The new storage class comes into play when you want to get mutable access to variables on the stack. Basically you can mark an otherwise-auto variable with __block (which is currently a macro that expands to an attribute), for example:

void test() {
   int X = ...
   __block int Y = ...
   ^{ X = 4; }; // error, can't modify a const snapshot.
   ^{ Y = 4; }; // ok!
}

From the implementation standpoint, roughly the address of a __block object is captured by the block instead of its value.

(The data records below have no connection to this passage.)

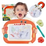 Magnetinė piešimo lenta suteikia galimybę vaikams ilgai ir kūrybiškai leisti laiką! Lenta skatina vaikus rašyti ir piešti, o piešimo procesas padeda susikaupti bei nuraminti. Su „Scribble“ funkcija vaikai gali sukurti daugybę paveikslėlių – tiesiog perkelkite specialų slankiklį ir piešinys išnyks, tad galima piešti vėl iš naujo! Rinkinyje taip pat yra patogus stebuklingas rašiklis ir 2 antspaudai, kurie suteiks dar daugiau kūrybinės laisvės. Lenta turi patogią rankeną, todėl ją lengva pasiimti su savimi bet kur.
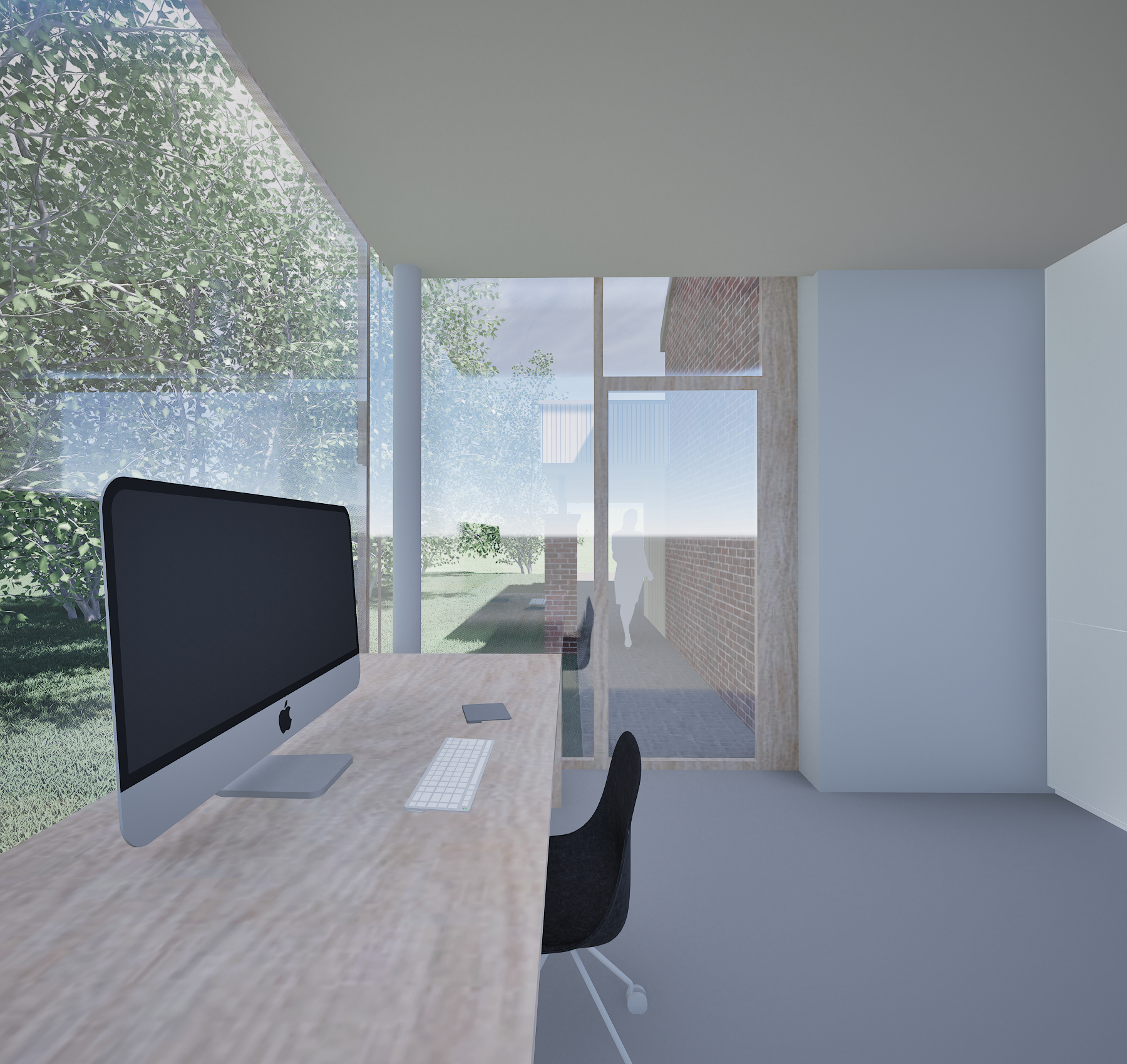 L’enjeu du projet était de créer un espace professionnel accueillant et adapté, tout en préservant l’intimité de la famille ainsi que les vues vers le jardin.
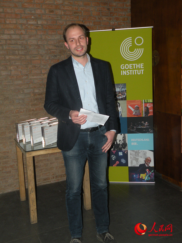 Herr Caspar Welbergen von der Stiftung Mercator drückt bei der Zeremonie seine Gratulation zur erfolgreichen Veranstaltung des Programms sowie seine Hoffnung auf die zukünftigen bilateralen Projektkooperationen aus. |
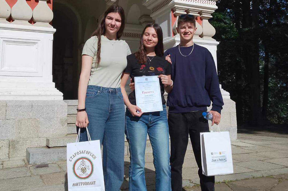 На националния конкурс „Бог е любов“ първо място спечели Зара Янева в 10 клас в направление „Приложни изкуства“. Зара е единствената класирана ученичка от Хасковска област и тя става носител на националната стипендия за изявени деца.
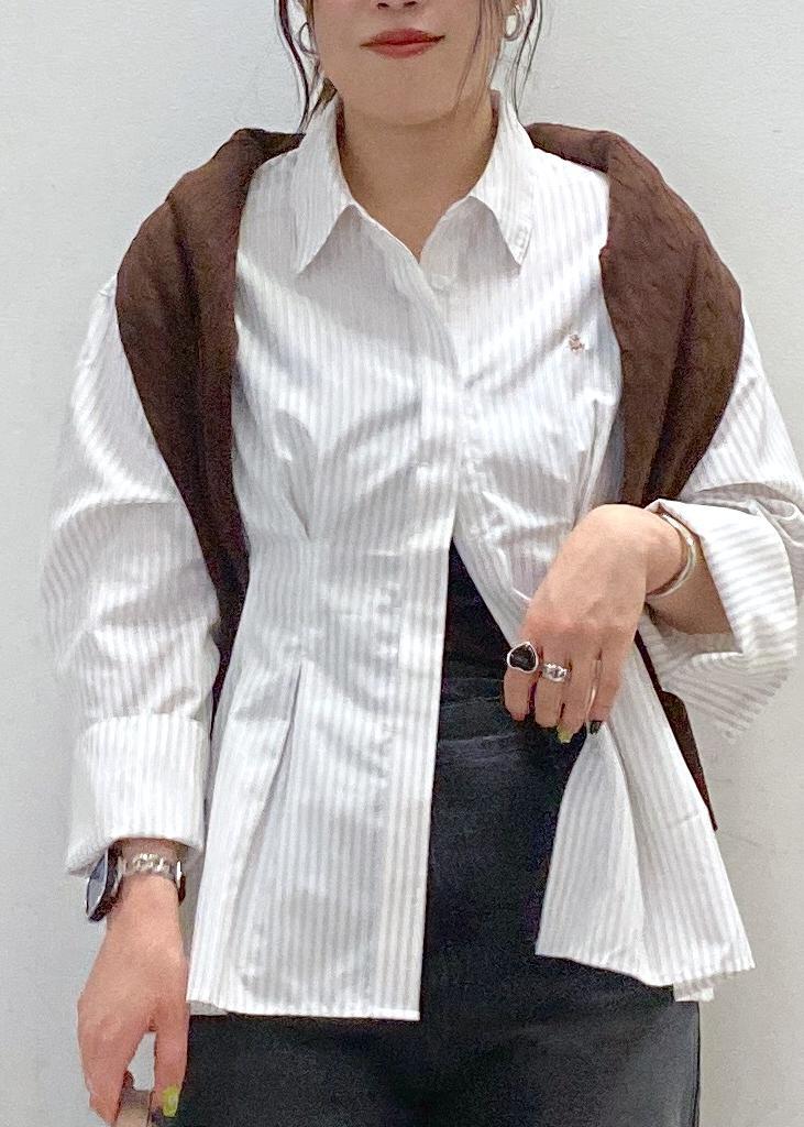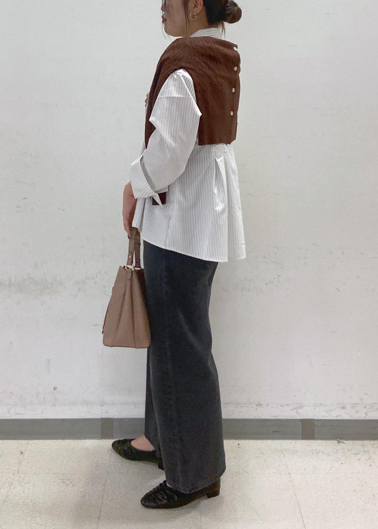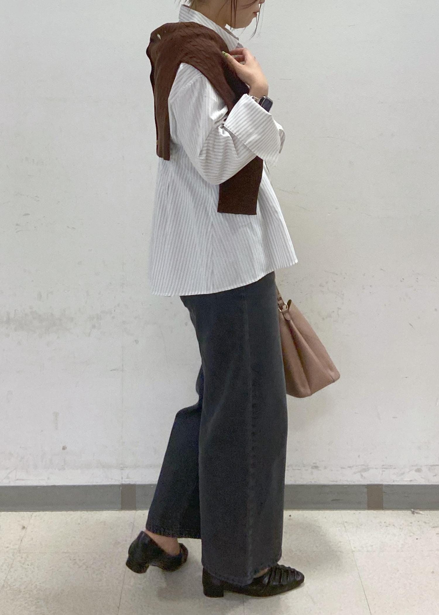 私は骨格ストレートなので、ボタンを外すと抜け感ができてスッキリ見えやすかったです。 -
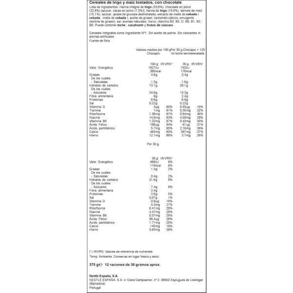 Cereales (61,9%) (harina integral de trigo (31,8%), harina de trigo, sémola de maíz), chocolate en polvo (22,2%) (azúcar, cacao), azúcar, jarabe de glucosa, extracto de malta de cebada, grasa de palma, emulgente (lecitina de girasol), sal, aromas (vainilla, canela), vitaminas (D, tiamina, riboflavina, niacina, B6, ácido fólico, ácido pantoténico), carbonato cálcico, hierro. Puede contener trazas de leche, cacahuete y frutos secos.
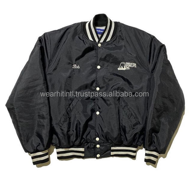 Custom Nylon Polyester Satin Bomber Jacket with Quilted Lining Multi Color Rib Windbreaker Baseball Style Starter Jacket Men

The is tricky though because blocks are on the stack, and you may want to refer to some computation (and its __block captured variables) after the function returns. To do this, we have a simple form of reference counting to manage the lifetimes of these. For example, in this case:

void (^P)(int); // global var

void gets_a_block(void (^blockptr)(int)) {
   P = blockptr;
}

void called_sometime_later() {
   P(4);
}

if gets_a_block is called with a block on the stack, and called_sometime_later is called after that stack frame is popped, badness happens (yay for C!). Instead, we use:

void (^P)(int); // global var

void gets_a_block(void (^blockptr)(int)) {
   P = _Block_copy(blockptr); // copies to heap if on the stack with refcount +1, otherwise increments refcount.
}

void called_sometime_later() {
   P(4);
   _Block_release(P); // decrements refcount.
   P = 0;
}

The semantics of this is that it copies the block off the stack *as well as any __block variables it references*, and the shared __block variables are themselves freed when all referencing blocks go away. The really tiny runtime library implements things like _Block_copy and friends.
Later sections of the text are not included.